Upon completion of the training course, absolutely no time was wasted in putting us in the thick of it. The expectation that we manage the work immediately and without complaint was daunting but satisfying as well. And the feeling when I was first addressed as Nurse Crawley! Oh, Imogen, I wish I could bottle it. To have earned that title and to be asked to live up to it daily. Never has so much been expected of me. My own expectations have been confounded as well. It's all more savage and more cruel than I could've imagined, but I feel useful for the first time in my life, and that must be a good thing. I sincerely hope that this war comes to a swift resolution, but just as sincerely must admit that I can never go back to life before it began. It's funny, when I saw Miss Perry that day we went to the debate at Speakers Corner, she said that becoming a doctor was not the only path to arrive where I wanted to go in life, and only now do I understand what she meant. In fact, I must admit I have put off applying for the medical college for another year. Nursing in aid of the war effort feels much too important to leave at the moment.

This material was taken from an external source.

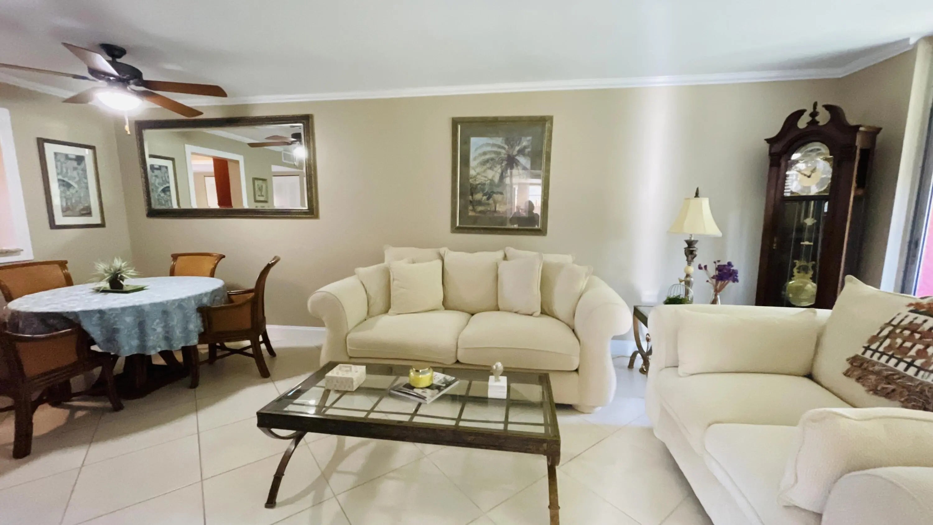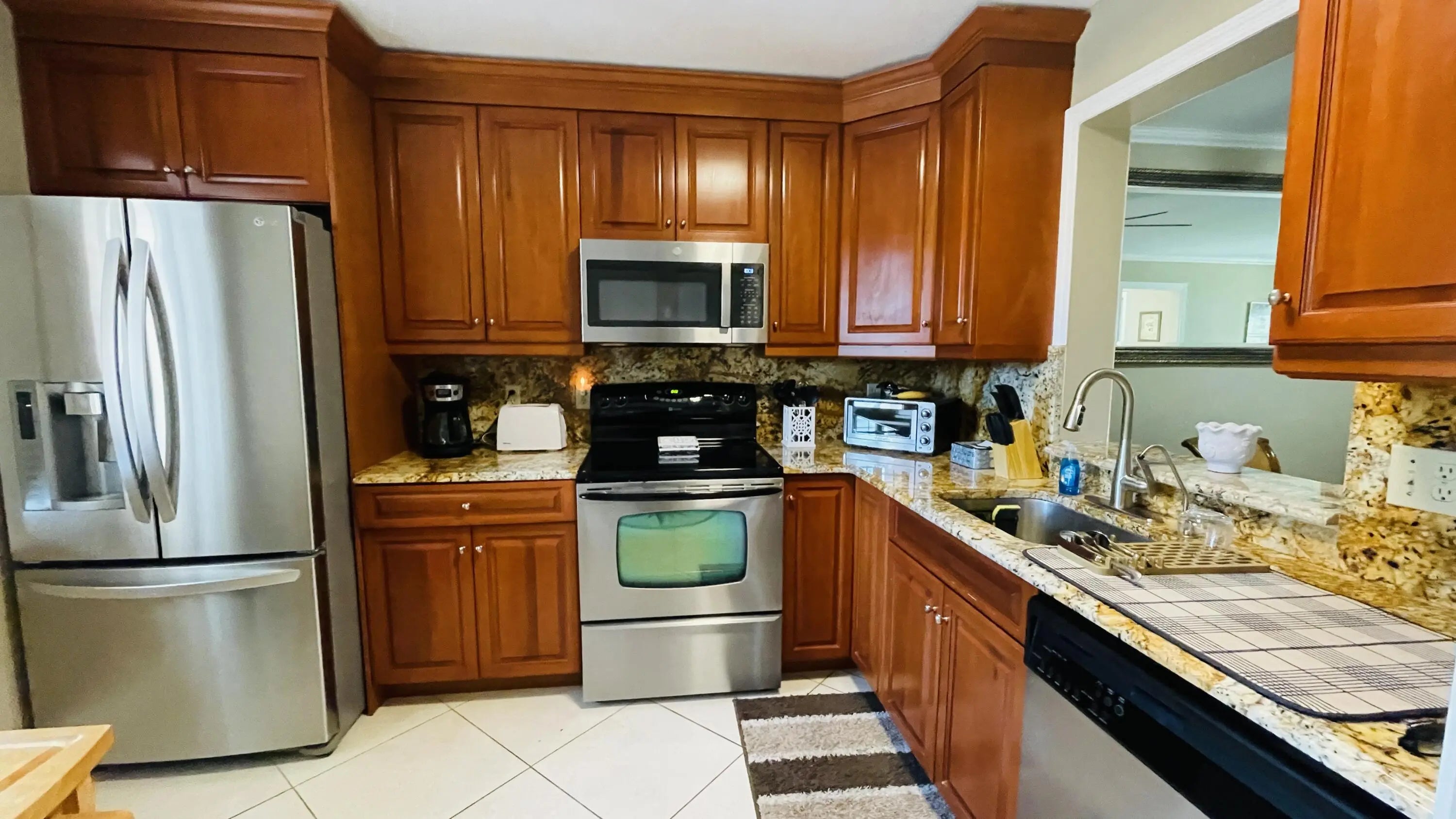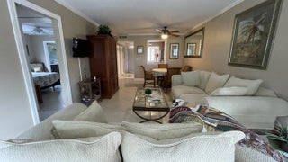 Beautifully renovated second-floor corner furnished annual or seasonal rental available. Many upgrades include tiled floors on the diagonal, granite countertops, plantation shutters, a lazy Susan corner cabinet, crown molding and a glass-enclosed patio. There are built-in closets, a separate laundry room , and upscale amenities including Indoor and outdoor pools, theater of the performing arts, fitness rooms, clubs, shows, tennis and bocce ball courts, and walking paths around the lakes.

I'll stop going on and on, but before I sign off I'll not forget to mention that Edith is now married! She and Sir Anthony had a lovely ceremony at Downton a fortnight ago and have gone to Scotland to honeymoon at our cousin's invitation. Not so much pomp as Edith might have hoped for under happier circumstances, but despite the gray cloud of war, it was a happy day and she the happiest bride. Sir Anthony distinguished himself in the Army in years past and has been asked to re-enlist, but he has held back at least for now, in deference to Edith's wishes. I hope the best for them and for you, dear friend.
Yours sincerely, with my best wishes,
SPC
November 9, 1914
TELEGRAM
His Lordship Robert Crawley to Mr. George Murray
The Lady Grantham was delivered of a child on the evening of Sunday, November 8, 1914 at six o'clock and twenty-five minutes.
STOP
The child was female.
STOP
The child is healthy as is the mother.
STOP
Dr. Richard Clarkson affirms Lady Grantham will bear no more children.
STOP
A letter is being sent to Mr. Matthew Crawley to confirm his position as heir apparent.